Key's debut visual novel Kanon (1999) combined an elaborate storyline, up-to-date anime-style art, and a musical score which helped to set the mood for the game. Key's second game, Air (2000), had a similarly complex storyline to Kanon and a more thorough gameplay. Both Kanon and Air were originally produced as adult games, but this trend was broken with Key's third title Clannad (2004), released for all ages. Key has released 18 visual novels to date, the latest being Anemoi (2026). Key has worked in the past with Interchannel and Prototype for the consumer port releases of the brand's games. Key has collaborated with P.A. Works and Aniplex to produce three original anime series: Angel Beats! (2010), Charlotte (2015), and The Day I Became a God (2020). The crossover anime series Kaginado premiered in 2021. The multimedia project Prima Doll includes an anime series that aired in 2022, and a four-volume visual novel series.

Co-founder Jun Maeda is a prominent figure in the brand, having contributed to the planning, scenario, and music composition in the majority of Key's visual novels. Na-Ga, Key's main artist, mainly worked with background art in earlier games, but with Key's sixth game Little Busters! (2007) was given the position of co-art director with former Key artist Itaru Hinoue. Shinji Orito, Key's main composer and another co-founder, has composed music for the majority of Key's titles.

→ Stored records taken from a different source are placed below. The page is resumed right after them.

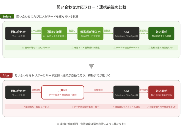 JOINTと連携させると、問い合わせ発生と同時にリードを作成し、担当者通知までを自動化して“入力待ち”の時間を減らせます。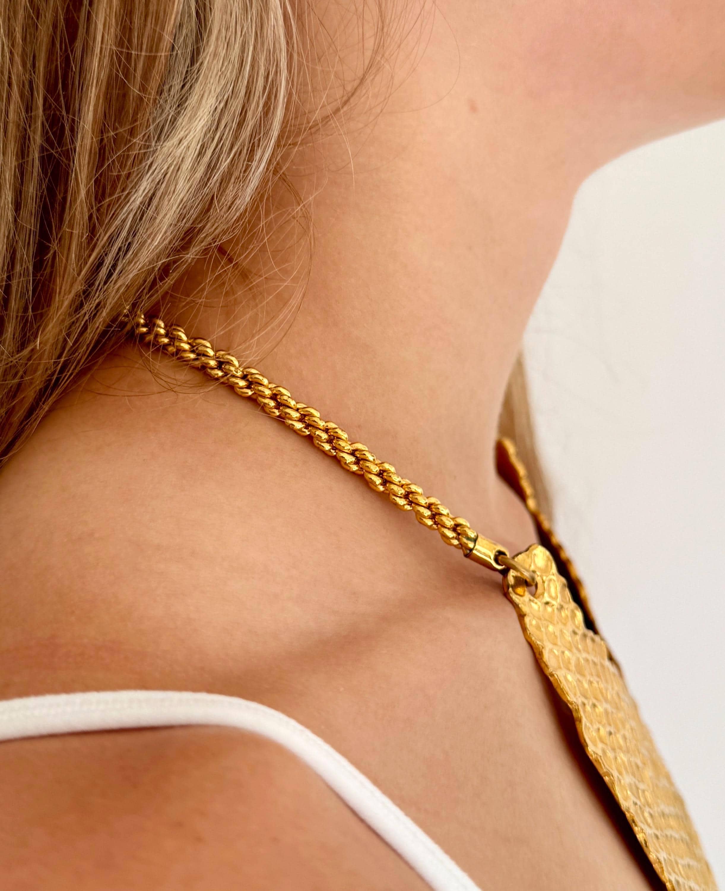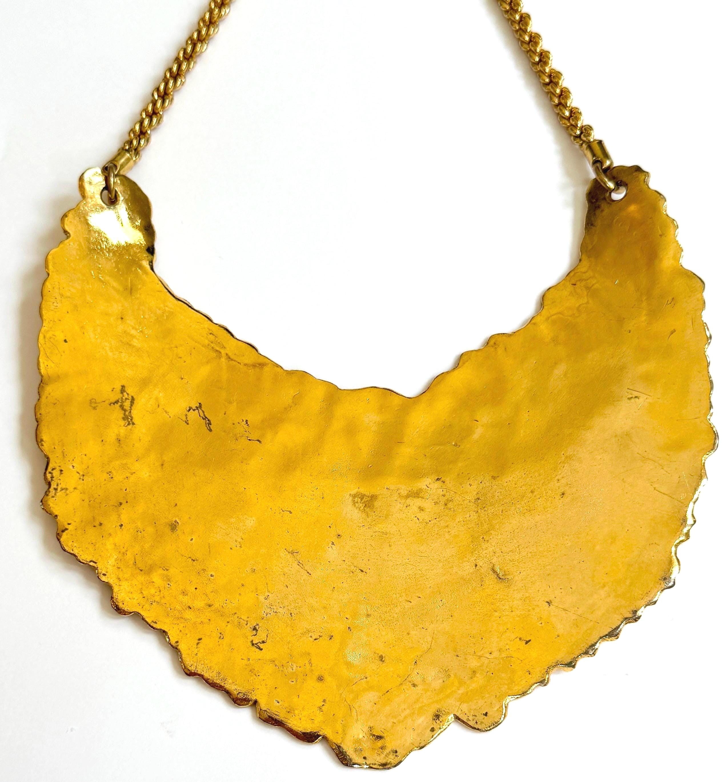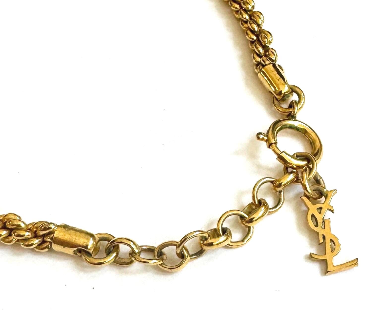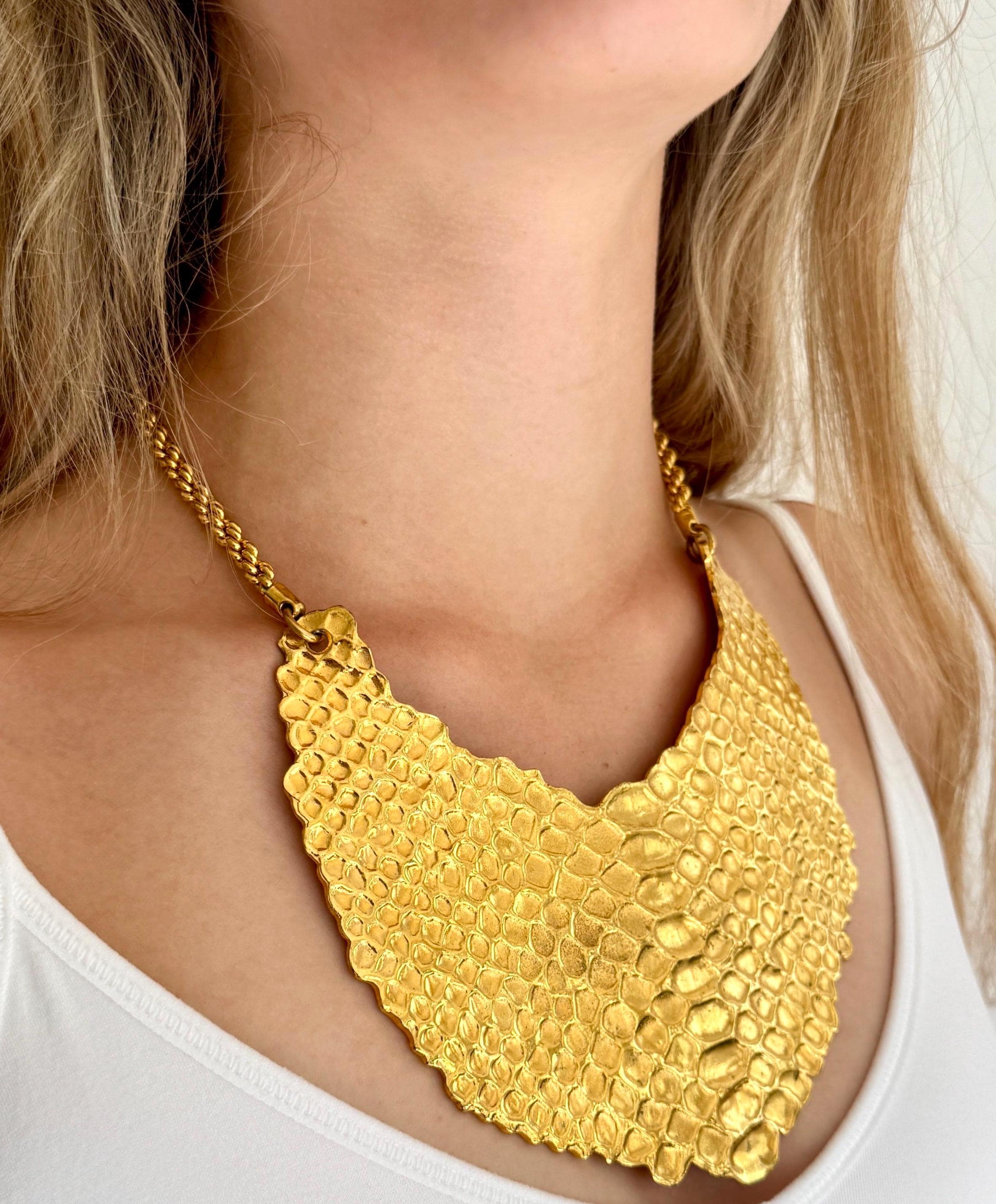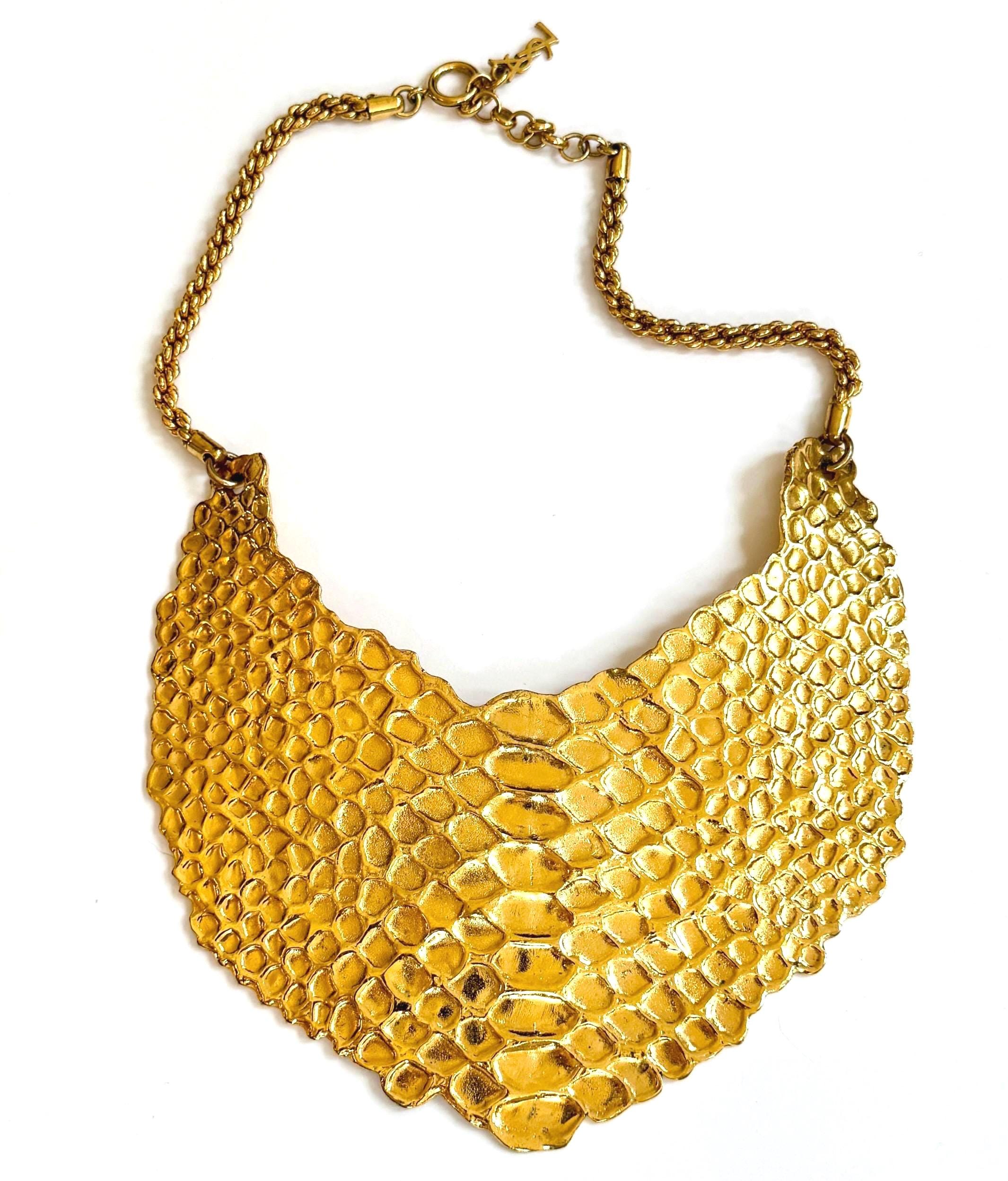 Vintage 90's Yves Saint Laurent gold tone python embossed bib necklace with YSL charm that hangs down the neck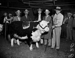 Champion Polled Hereford female of the Southwestern Exposition and Fat Stock Show was EER Victoria tone 50th, left, shown by Double E Hereford Ranch at Senatobia, Mississippi. Pictured, left to right, are R. A. Halbert, president of the American Polled Hereford Association; E. E. Moore Jr. and Early Purdy, both Double E. herdsmen. Published in Fort Worth Star-Telegram morning edition February 3, 1954.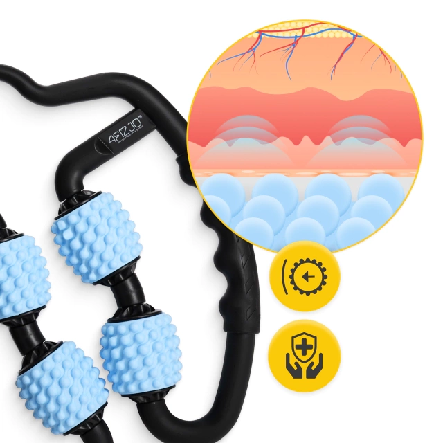 Zadbaj o odprężenie i regenerację dzięki ręcznemu masażerowi. Jego obrotowe rolki z wypustkami skutecznie rozluźniają napięte mięśnie, poprawiają krążenie i wspomagają regenerację – idealne rozwiązanie po wysiłku fizycznym, intensywnym dniu czy terapii sensorycznej.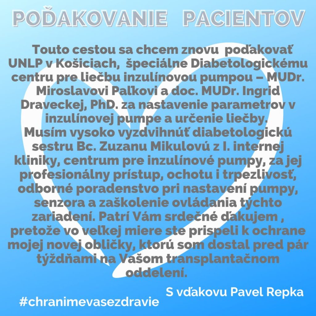 POĎAKOVANIE  pre  IV. internú kliniku, Rastislavova 43.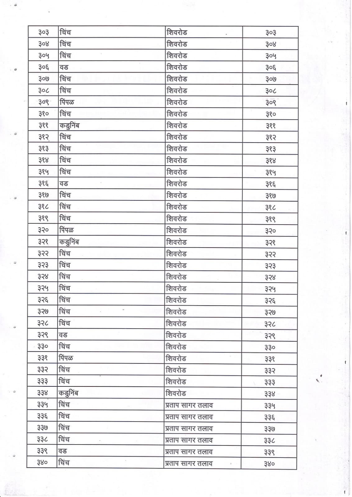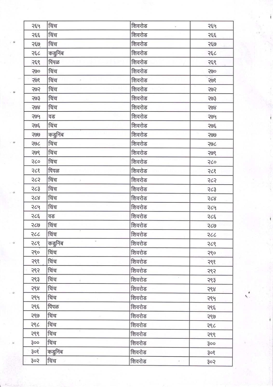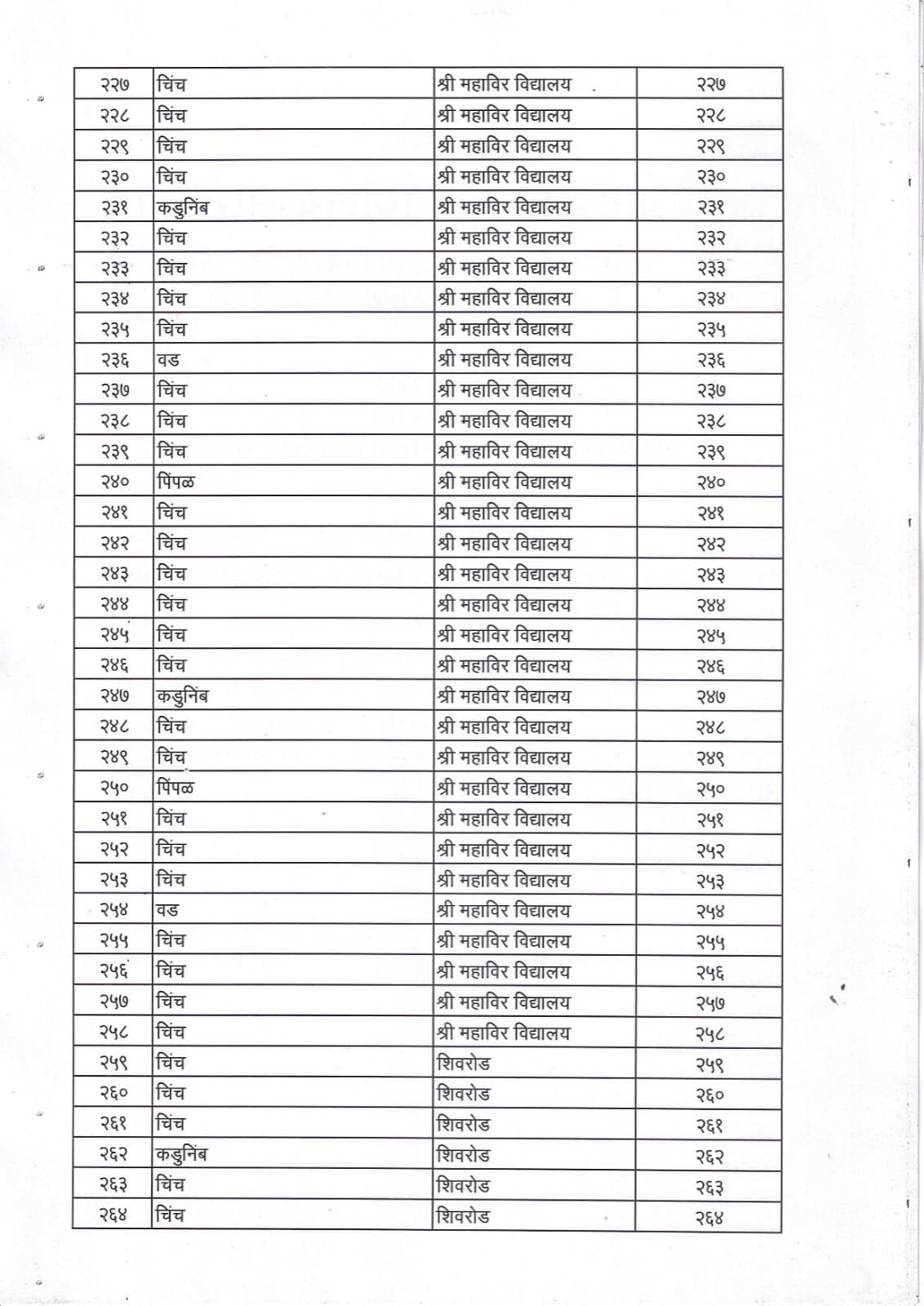 वृक्ष गणना नोंद व प्रसिद्ध यादी - 9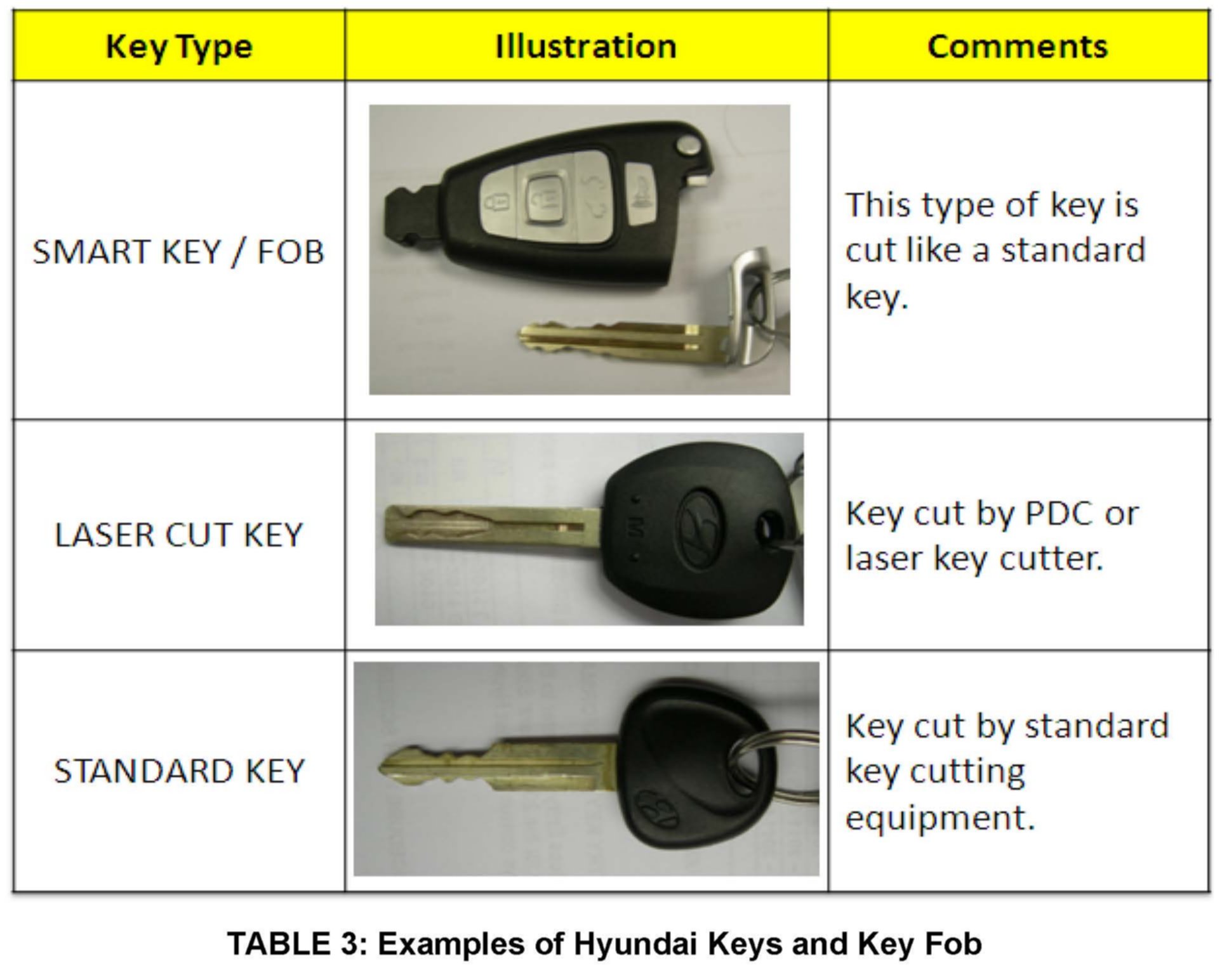Table 3 - Examples of Hyundai keys and key Fob

Key has been an active participant at the Comiket convention since Comiket 57 in 1999, where they sold Kanon-related products; Key's latest appearance at Comiket was at Comiket 99 in 2021. In 2001, Visual Arts created the record label Key Sounds Label to release music albums and singles with music related to Key's visual novels. Between 2007 and 2010, Key produced an Internet radio show called Key Net Radio in regard to the brand.

==History==

Before forming Key, the founding members worked for another visual novel development company called Nexton under the brand Tactics. At the time of Dōseis production, Tactics' first game, four of Key's original staff worked on the game: Itaru Hinoue as art director, Shinji Orito as musical composer, and Miracle Mikipon and Shinory contributing to the computer graphics. After Dōsei, the rest of Key's founding staff—Naoki Hisaya, Jun Maeda and OdiakeS—joined Tactics and contributed to two more games: Moon released on November 21, 1997, and One: Kagayaku Kisetsu e released on May 29, 1998. Due to differing opinions between Nexton and most of the production staff in Tactics on how to produce the brand's next game, most of Tactics' staff left Nexton to pursue work in another publishing company where they could have the freedom to produce their next game.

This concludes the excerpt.